SIRT3 is a major mitochondrial deacetylase that regulates mitochondrial metabolism. Mitochondrial proteins are hyperacetylated in SIRT3 knockout mice, but not in SIRT4 or SIRT5 knockout mice [15]. It has been demonstrated that cyclophilin D (CyPD), which is localized to the mitochondrial matrix, modulates the mitochondrial permeability transition (mPT) pore opening [16, 17]. SIRT3-induced inactivation of CyPD by deacetylation is necessary for mitochondrial function in cancer cells [18]. Based on these data, we hypothesized that SIRT 1/3 may play an important role in the protection against hemorrhagic shock injury by modulating mitochondrial function. To test our hypothesis, we determined whether the expression and activity of SIRT1 and SIRT3 were altered during severe shock, and investigated the role of SIRT1 and SIRT3 in the regulation of mitochondrial permeability transition and mitochondrial ATP production. Finally, we evaluated the protective effects of SIRT1 and SIRT3 against vascular hyporeactivity and refractory hypotension during severe hemorrhagic shock.

Results

Mitochondrial injury and mPT pore opening in ASMCs are associated with down-regulation of both SIRT1 and SIRT3 during severe hemorrhagic shock

To determine the changes in mitochondrial phenotype and function during severe hemorrhagic shock, we examined mitochondrial ultrastructural morphology and ATP production in ASMCs isolated from rats with severe hemorrhagic shock. We found partly fragmentation, disorganization/disorientation, clumping, and/or loss of mitochondrial cristae at 2 h following hemorrhage. After resuscitation, we could not observe normal cristae in the longitudinal/linear pattern and found swollen mitochondria, instead (Figure 1A). Flameng score analysis showed significant mitochondrial injury in the ASMCs at 10 min and 2 h after resuscitation (Figure 1A). After resuscitation, ATP levels were decreased in ASMCs in a time-dependent manner (Figure 1B). Furthermore, calcein-AM quenching assay showed calcein fluorescence inflow following mPT pore opening in a time-dependent fashion, especially at 10 min and 2 h after resuscitation (Figure 1C).
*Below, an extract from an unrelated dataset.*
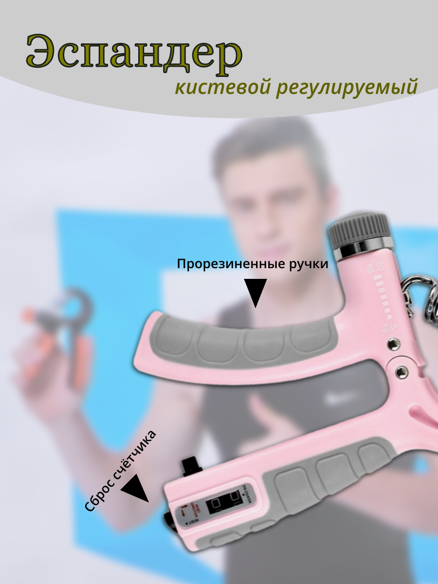 Эспандер кистевой, для рук, с усиленной, пружиной, регулируемой нагрузкой до 60 кг, розовый, со счётчиком. информация:

We determined protein levels and deacetylase activity of SIRT1 and SIRT3 in ASMCs during severe shock. Western blot analysis showed that SIRT1 and SIRT3 protein levels were reduced during severe hemorrhagic shock (Figure 1D). In parallel with decreased SIRT1 and SIRT3 levels, the deacetylase activities of SIRT1 and SIRT3 were decreased (Figure 1E). Furthermore, immunofluorescence analysis showed that endogenous SIRT1 was located mostly in the nucleus, but nuclear localization of SIRT1 was decreased after 2 h of resuscitation (Figure 1F). Similarly, SIRT3 levels in the mitochondria were reduced in ASMCs isolated from shock animals (Figure 1F). Further, we found that acetylation of CyPD was increased in ASMCs of shock animals (Figure 1G).
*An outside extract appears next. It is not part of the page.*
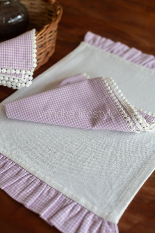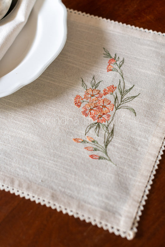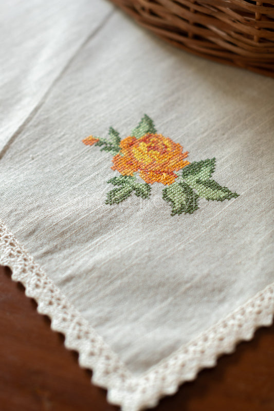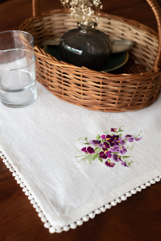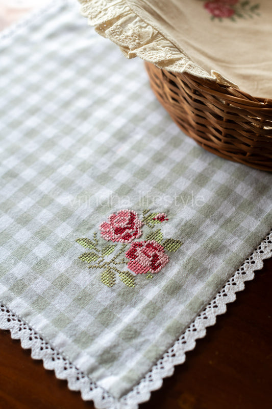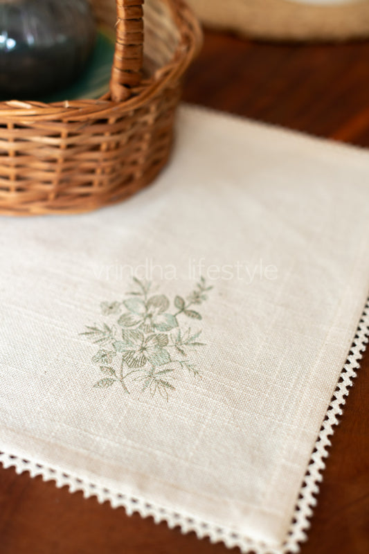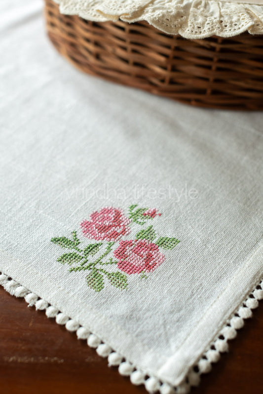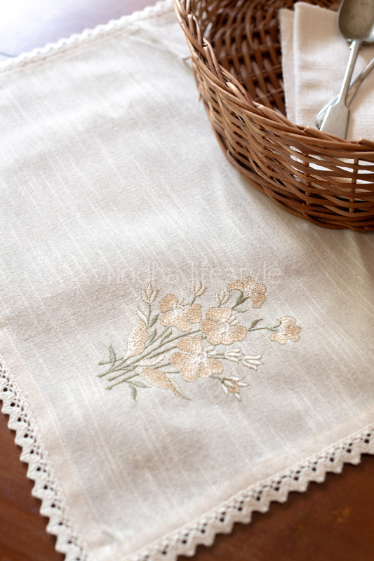 Cotton slub tray mat with cross stitch embroidery and lace detailing

SIRT1/SIRT3 suppresses mPT pore opening and mitochondrial injury in ASMCs during shock

To further determine the role of SIRT1/3 in mitochondrial phenotype and function, we exposed ASMCs to resveratrol (Res) and SRT1720, potent SIRT1 activators. We found that Res and SRT1720 relieved shock-caused reduction of SIRT1 deacetylase activity as assessed by fluorometric assay (Figure 2). However, the inhibition of SIRT1 activity by EX 527 suppressed the effects of Res and SRT1720 on deacetylase activities of SIRT1 and SIRT3 (Figure 2). Importantly, activation of SIRT1/3 by Res and SRT1720 attenuated shock-induced mitochondrial injury (Figure 3A) and decrease in ATP production (Figure 3A). In contrast, inhibition of SIRT1/3 activity enhanced mitochondrial damage (Figure 3A).
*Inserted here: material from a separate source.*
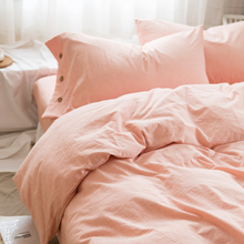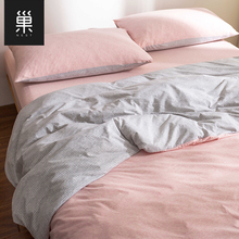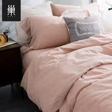 日式纯色棉麻水洗棉四件套全棉纯棉1.5/1.8m床单被套简约床上用品

Opening of mPT pore results in subsequent swelling of mitochondria due to the influx of water and ions, leading to the dissipation of mitochondrial membrane potential (ΔΨm), uncoupling of oxidative phosphorylation and loss of ATP [20]. To better understand the protective effects of SIRT1 and SIRT3 on the mitochondria after shock, we determined the effects of Res and SRT1720 on mPT pore opening and ΔΨm in ASMCs. We found that Res and SRT1720 suppressed the shock-associated mPT pore opening and ΔΨm depolarization, while the inhibition of SIRT1/3 activity promoted mPT pore opening and ΔΨm depolarization after shock (Figure 3B and 3C). These results suggest that SIRT1/SIRT3 regulates mitochondrial phenotype and function primarily through the inhibition of mPT pore opening.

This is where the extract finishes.